Mainstream

20 October 2006



Kansas GOP Candidates Migrate to Democratic Ticket

When one thinks of progressive politics in America, the State of Kansas does not spring immediately to mind. It is a hotbed of social rest that exists comfortably between Nebraska and Oklahoma, a buffer state that plays basketball sandwiched between two football playing powerhouses. So when Republicans in Kansas start running for office as Democrats, as nine have done this year, one ought to take a closer look.

First, though, it is important to understand that there are three main factions in the big tent of the Republican Party: the libertarian, small government crew, the Corporate Socialists (who want subsidies, tax-cuts and assorted welfare programs for themselves and Darwinian capitalism for their workers), and the reactionary Christians. Each of these may object to the label applied here, but no one will dispute that the GOP has factions whose agendas no longer mesh. Big government contracts for businesses offend the small-is-better Jeffersonians, while any government that allows abortion offends the sensibilities of the churchgoing faithful. Yet a great many libertarians believe government has no place in a woman’s womb, while Wall Street is happy to sell the morning-after pill as an over-the-counter drug.

In the heydays of Reagan and the warm afterglow of Bush the Elder, all three could put their differences aside because the levers of government were new and exciting after the long Democratic dominance of the New Deal and Post-War years. There were ideas to be tried, and pet projects to implement. A quarter of a century later, a lot of ideas have run their course, and now, in Kansas and elsewhere, the GOP’s fissures are growing.

Mark Parkinson, a former chairman of the Kansas Republican Party, left the GOP to run for lieutenant governor with the popular Democratic Governor Katherine Sebelius (Kansas voters have that western streak of independence that lets them vote for the person rather than the party with a clear conscience). He explained, “I’d reached a breaking point. I want to work on relevant issues and not on a lot of things that don’t matter.” The Johnson County Sun, as Republican a paper as there is, decided to endorse virtually the entire Democratic slate this year. Publisher Steve Ross wrote in a recent column cited by the Washington Post’s Peter Slevin, “The Republican Party has changed, and it has changed monumentally. You almost cannot be a victorious traditional Republican candidate with mainstream values in Johnson County or in Kansas anymore.” That’s strong language from the state that gave America President Eisenhower.
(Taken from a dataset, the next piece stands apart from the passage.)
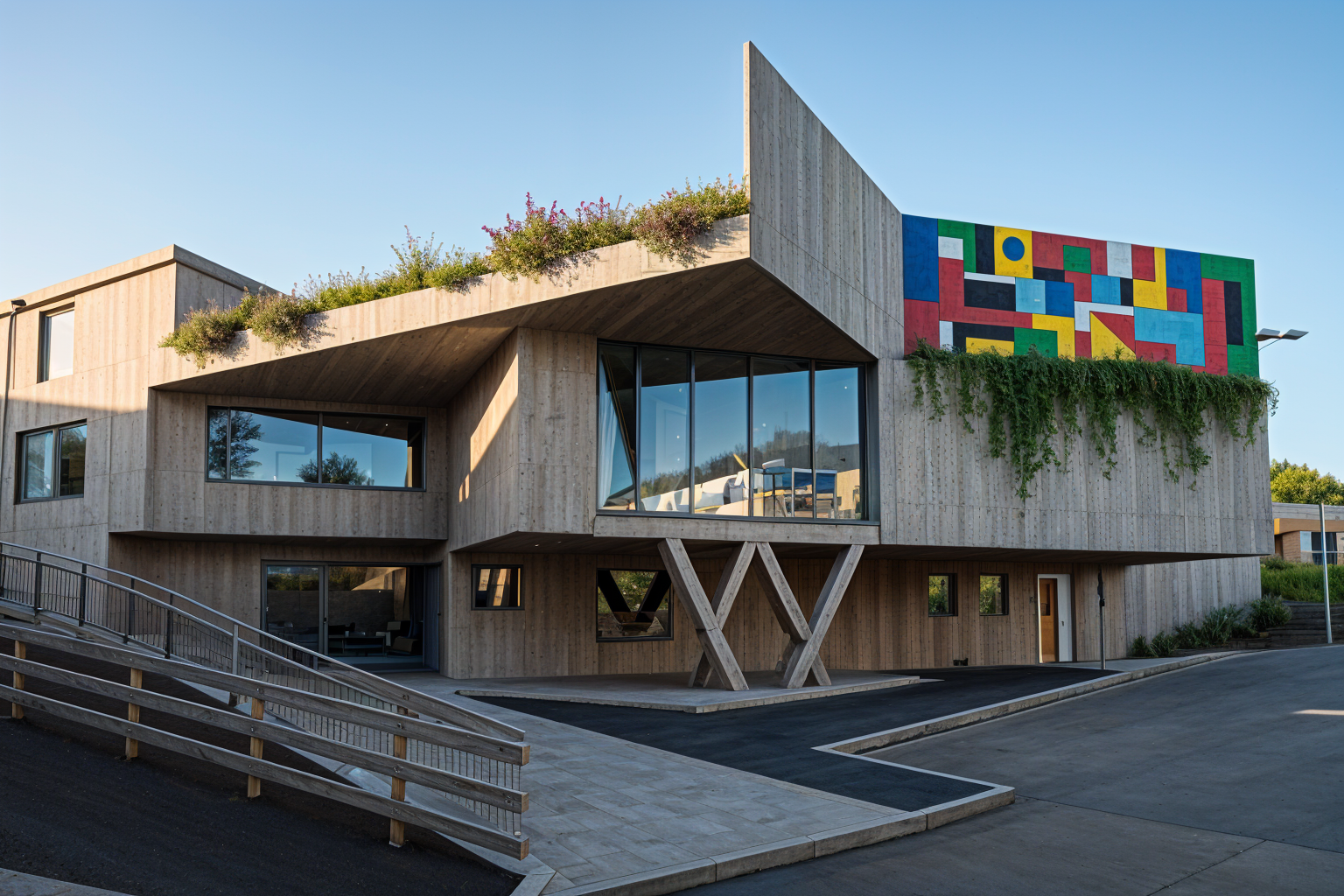 brutalism exterior shot eco brutalism primary school architecture

Ron Freeman, executive director of the Kansas GOP, however, told Mr. Slevin that this is “a simple case of political opportunism.. It’s really more about them than it is about the party. They obviously feel the Democratic Party is weak enough that, without any history in the party, they can be front-runners in the party.” That is an incredibly powerful point and insight. Yet, what will it say about his side if it loses to such candidates and such a party?
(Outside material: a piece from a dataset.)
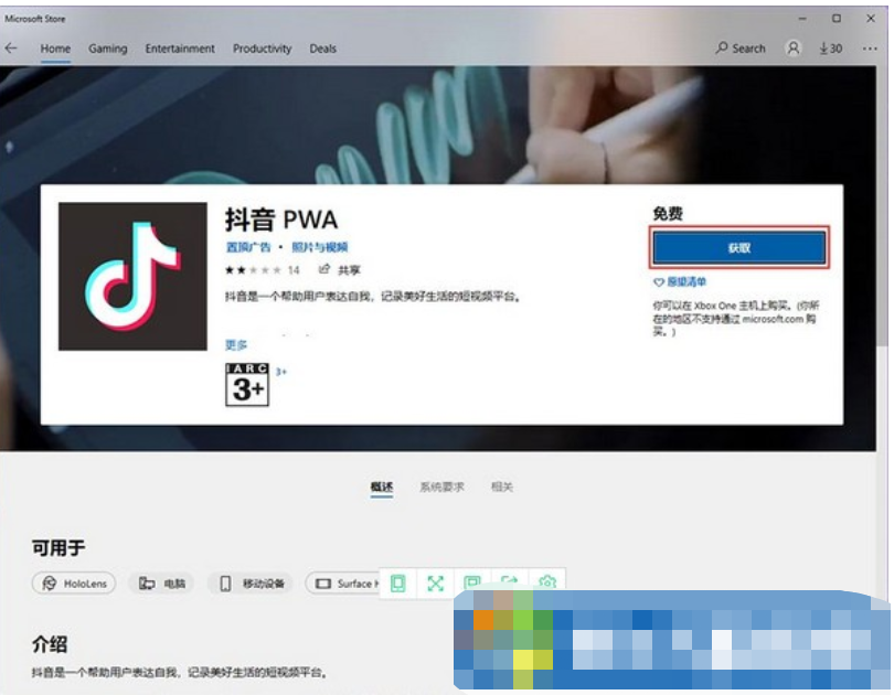 4、在抖音打開頁面中,點擊右上角的獲取。

As the conservative coalition comes under pressure, it will not necessarily shatter. Instead, one faction will decide, like Achilles, to sulk in its tent, or perhaps, switch sides a bit without going over to the Democrats en mass. The only thing preventing a third-party from doing well at the moment is the fact that the 2006 election is a mid-term, without a presidential candidate to be the rallying point for the autumn of discontent that the country feels.